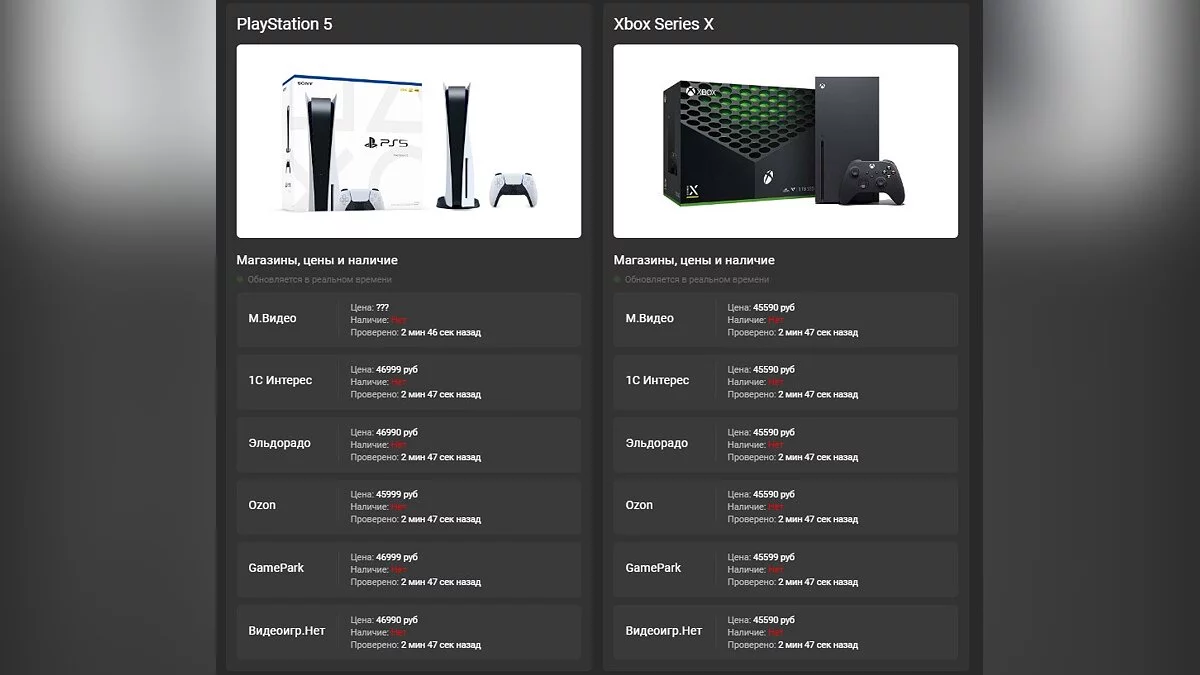 PlayStation 5 и Xbox Series X/S вышли совсем недавно, однако их тут же смели с прилавков. Проверять все магазины по отдельности — крайне сомнительное занятие, поэтому специально для вас мы сделали страничку, на которой можно отслеживать поступление консолей.
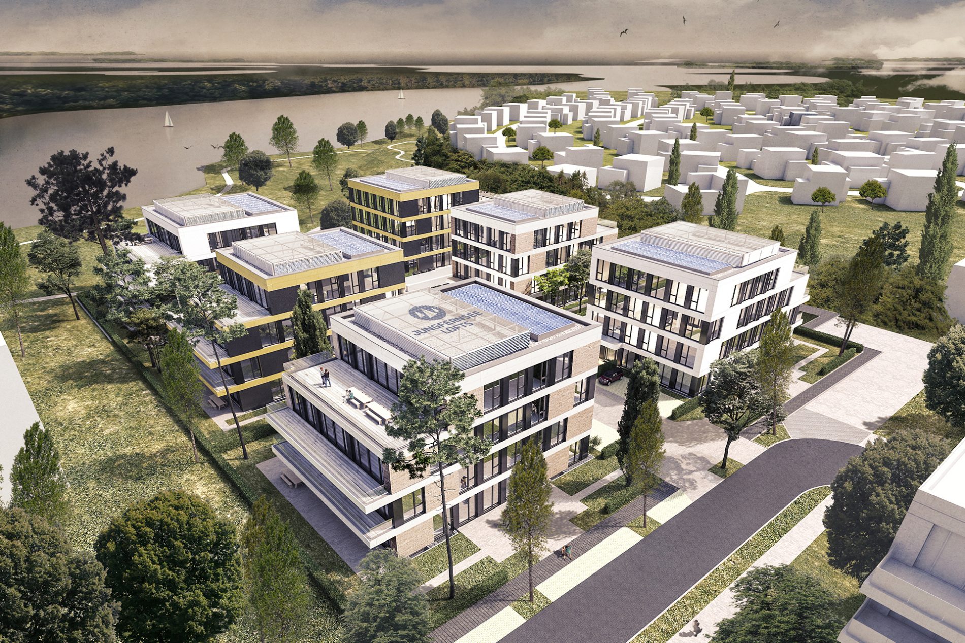 Creative Work. Creative Life. Die Jungfernsee Lofts am Campus Jungfernsee in Potsdam verbinden kreatives Arbeiten mit individueller Lebensqualität. Das Grundstück liegt zwischen der Tram Station Campus Jungfernsee, dem SAP Innovationscenter, dem Yachthafen und dem Bootssteg für das Wassertaxi. Ein urbaner Welcome Platz in der Mitte des Quartiers ermöglicht Austausch und Kommunikation zwischen den Nutzern. In den angrenzenden Erdgeschossflächen sind öffentliche Cafés und Dienstleistungen angedacht.
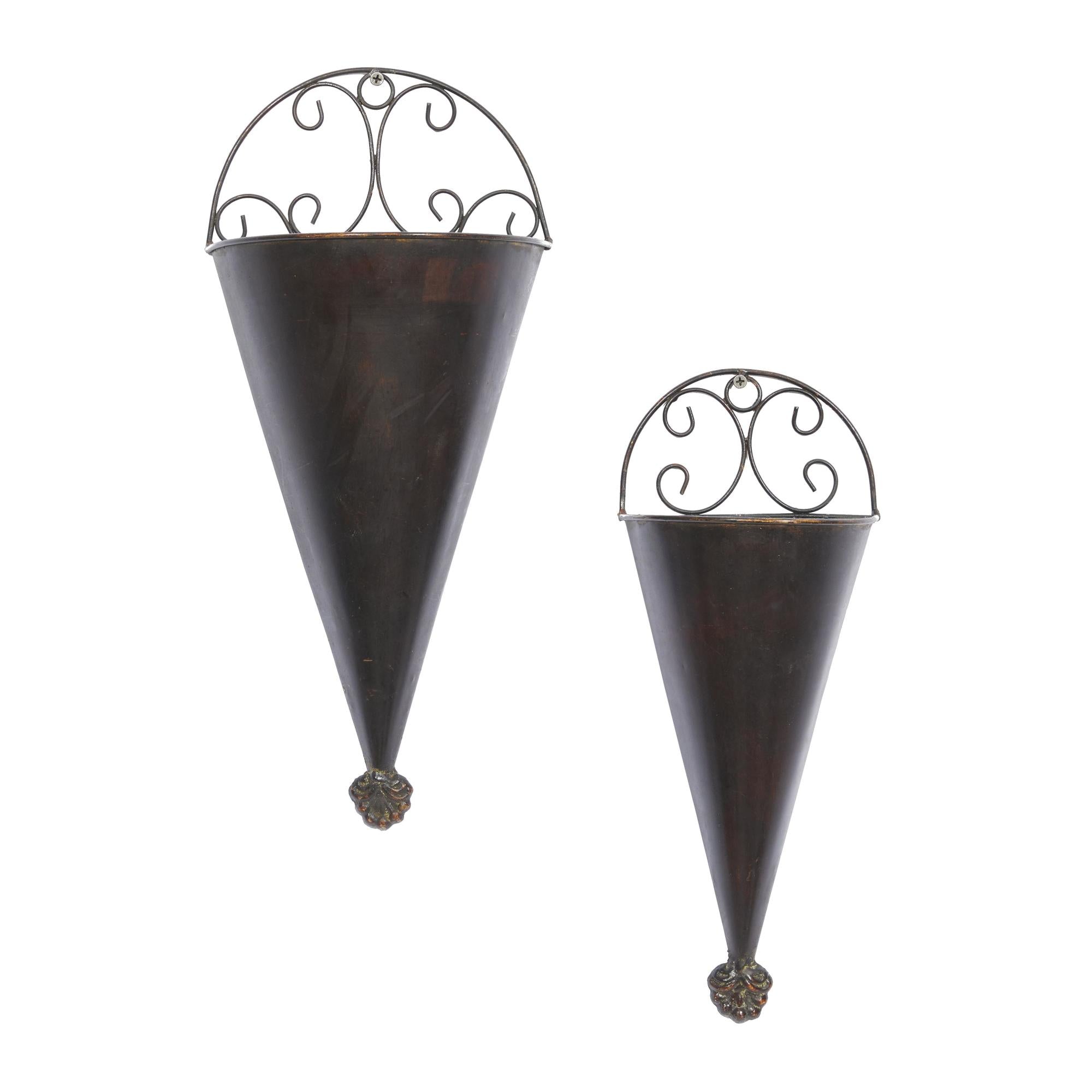 Set of 2 Scroll Black Metal Cone Indoor Outdoor Wall Planter
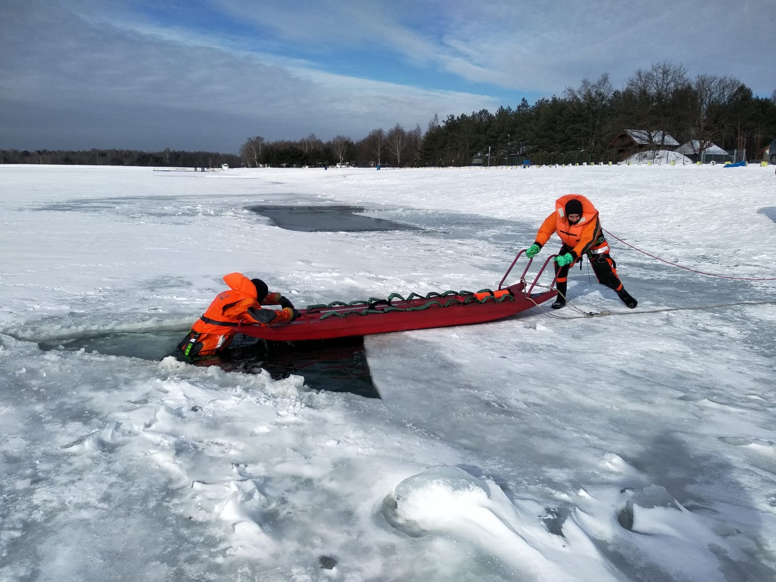 i umiejętności oraz doskonalenie technik ratowniczych związanych z ewakuacją i udzielaniem pomocy poszkodowanym, pod którymi załamała się pokrywa lodowa. W szkoleniu udział wzięło 10 strażaków.

___

**Exercise goal:**
Without the pictures, repeat exactly the lines running from the line containing "Set of 2 Scroll" through the end of the data, both ends included.

**Solution:**
 Set of 2 Scroll Black Metal Cone Indoor Outdoor Wall Planter
 i umiejętności oraz doskonalenie technik ratowniczych związanych z ewakuacją i udzielaniem pomocy poszkodowanym, pod którymi załamała się pokrywa lodowa. W szkoleniu udział wzięło 10 strażaków.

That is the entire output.